Marten warmed up to the subject. “Brassloads make gun mechanisms more complicated, there has to be a way to eject the things once the bullet is fired, but they take some of the
heat with it. The old guns seem to have had a problem with heat.
“Mind you, the ejected brass cans could be a problem too. Once, one went down the front of my shirt. I do not have much fur on my chest; it was hot! In my surprise I still had the pistol in my hand as I scrambled to get it out. Fortunately I did not fire again because the pistol was pointing just about everywhere but down range. The Range Officer was furious! He told me ‘gun control is about keeping the gun pointed at the target’ and suspended me from the range for a week. I can’t say that I blame him, the whole episode was embarrassing and somebody could have been hurt.
“Once I got the hang of it, though, it was rather fun. The next thing I knew they were encouraging me to try out for competition and, well, I suppose I did reasonably well.”
“Well, congratulations. I hope that doesn’t come in handy.”
Marten grinned. “Me too, but in our kind of field work you never know.” His grin faded. “Even life in the office is getting too exciting.” He looked around meaningfully at the papers and things that the intruder had tried to take.

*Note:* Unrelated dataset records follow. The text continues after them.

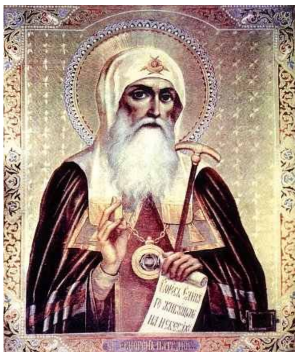
Сщмч. Ермоген, патриарх Московский и всея России, чудотворец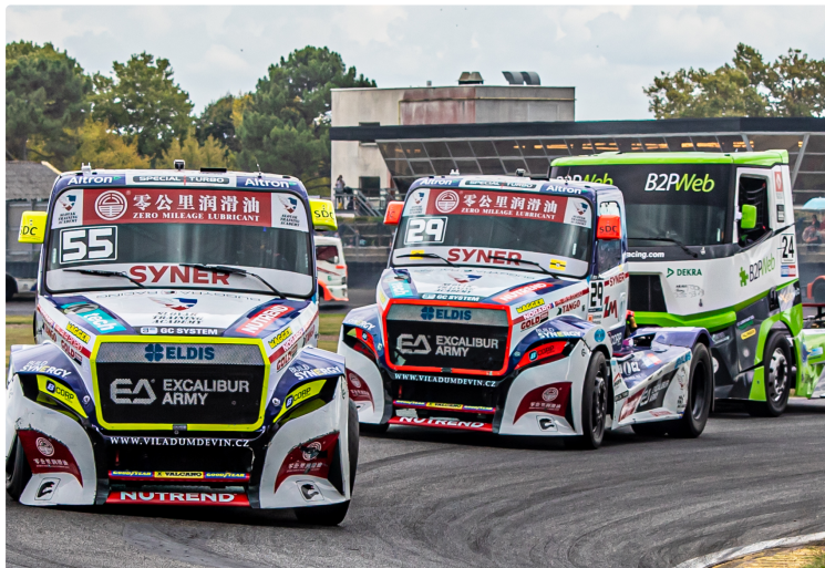
Grand Prix Camions digne des précédents à Nogaro

Samedi 5 et dimanche 6 septembre a eu lieu, au circuit de Nogaro, le Grand Prix Camions, repoussé depuis le printemps, pour cause de covid-19. Ce magnifique spectacle avait d'abord droit à 5 000 spectateurs à la fois, puis, très tardivement, ce nombre a été augmenté jusqu'à 6 500 personnes. Le public est venu : 3 089 payants le samedi et 4 050 le dimanche. Avec l'ensemble des invités, des membres de l'organisation, de la presse et des participants, il y a eu un total de 10 139 personnes sur le circuit pendant les deux jours. Ce n'est pas mal, compte tenu des circonstances.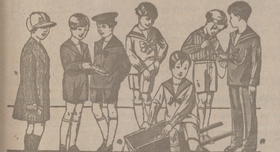
50 modelos distintos en trajes para niños en drill, en pana, en paño y en sergas azules, de 10 a 40 pesetas.

Primera casa en confecciones para caballero, señora, jóvenes y niños. — Tejidos, Pañería y Sastrefía.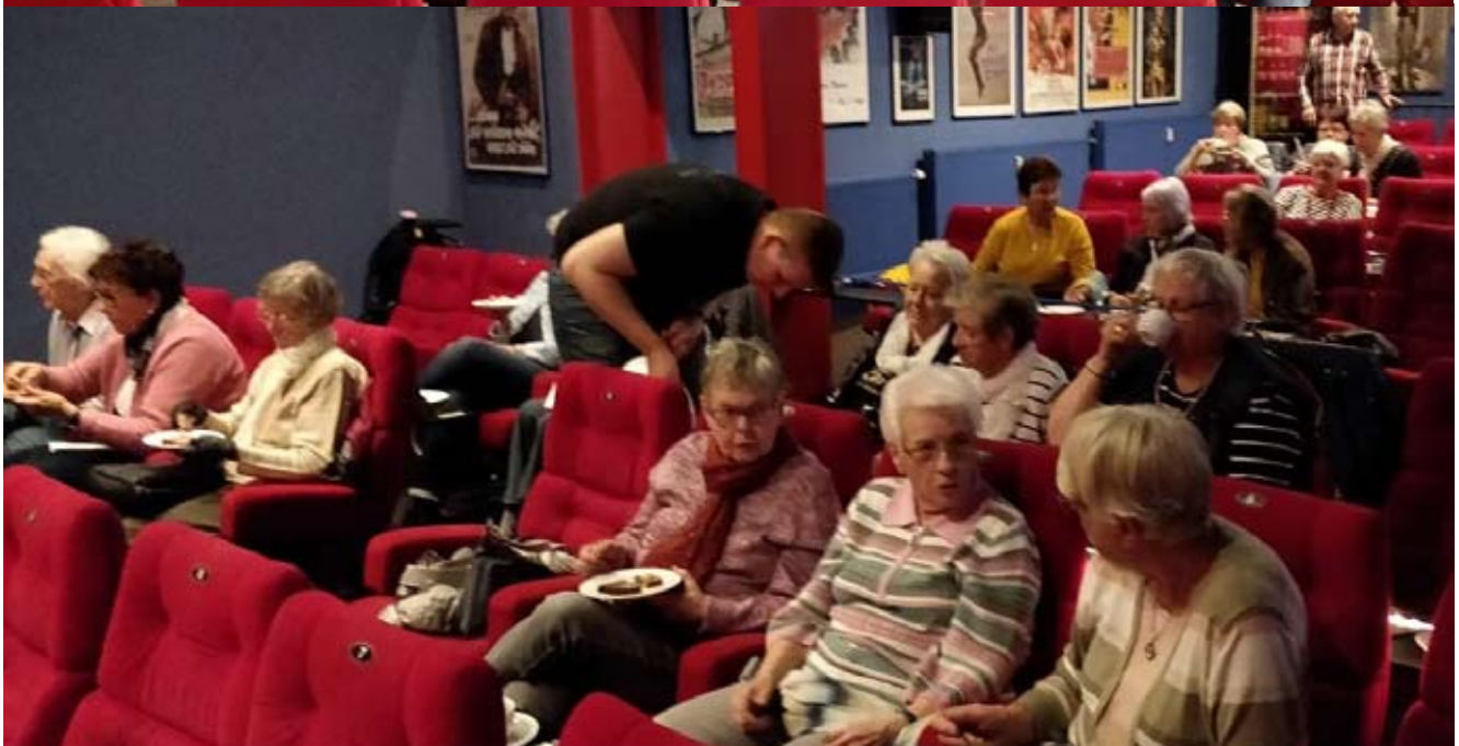
Die Vorfreude auf den Film „Enkel für Anfänger“ war deutlich zu spüren.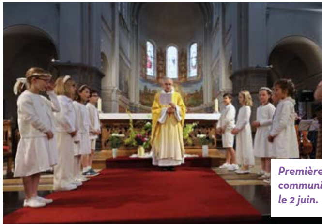
Premières communions le 2 juin.

Elle sera suivie à l'école maternelle Sainte-Anne-Saint-Joachim d'un barbecue de fin d'année. Vous êtes tous les bienvenus paroissiens ou habitants du quartier !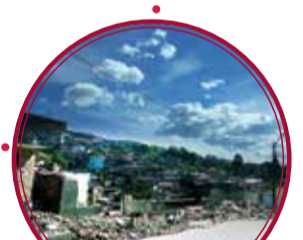
Circuito Vial de las Mirlas $15.049 millones

“It looks like they weren’t expecting whatever they were looking for to be hidden,” said Carson, as he looked around the room. The office had clearly been hastily searched, but not ransacked. Nothing was tipped over, drawers were open but not pulled out, books were still on bookshelves.
“It was not,” replied Marten.
“You know what they were looking for? What?”
“Same as you, the talisman.”
Carson’s face fell. “How do you kno—”
“But they didn’t get it.”
“What?” Carson locked his eyes on Marten's.
“I saw it drop from his bag when I tripped him, I grabbed it before he saw it.”
“Good move!”
“Thanks. Then he landed upon me.” Marten was leafing through the small pile of papers and memory wafers that had scattered when the intruder had dropped the bag. “These papers and memory sticks confirm it. They are from my files on that artifact and on the dig. Looks like he got away with some of the images of it, and part of my report, but I still have the X-rays, my computer data, and the rest of it.”